Exercise prompt: When the line containing "- 가격, 판매자, 교환/환불" is found in the data below, give it again along with every later line, exactly; drop the pictures.

Source material:
────────────────────────────────────────

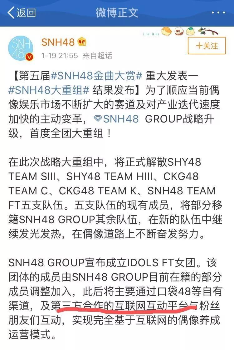 1月19日,少女偶像组合SNH48姐妹团宣布解散。官方声明显示,除了少部分留下的成员组成新团体外,其他成员将于“第三方互联网互动平台与粉丝们进行一系列互动。”而所谓的“第三方互联网平台”,指代的即是直播平台。
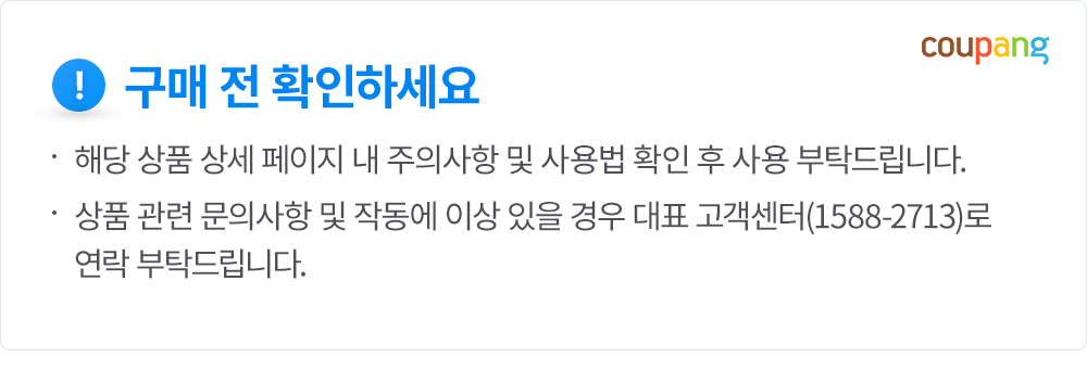 - 가격, 판매자, 교환/환불 및 배송 등 해당 상품 자체와 관련 없는 문의는 고객센터 내 1:1 문의하기를 이용해주세요.
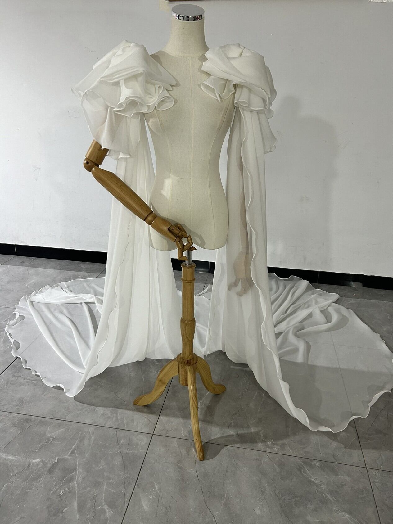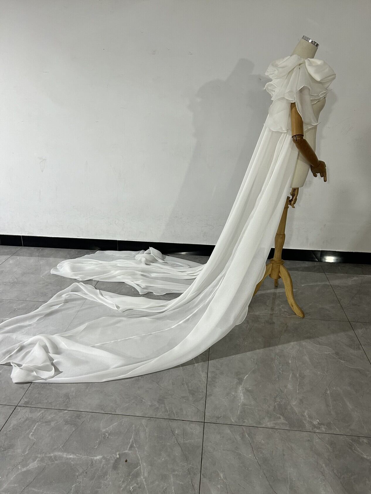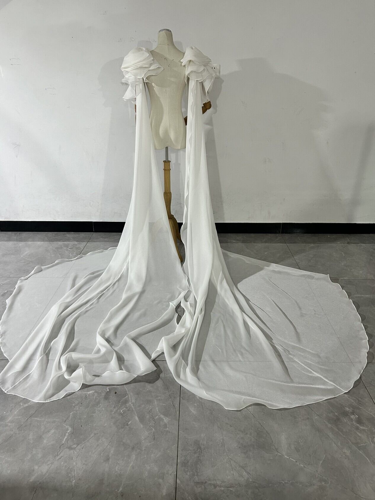 送料無料 !上品!ホワイト ロングトレーン ポンチョ ラッフルトレーン 肩リボン /結婚式/披露宴/

────────────────────────────────────────

Exercise result:
 - 가격, 판매자, 교환/환불 및 배송 등 해당 상품 자체와 관련 없는 문의는 고객센터 내 1:1 문의하기를 이용해주세요.
 送料無料 !上品!ホワイト ロングトレーン ポンチョ ラッフルトレーン 肩リボン /結婚式/披露宴/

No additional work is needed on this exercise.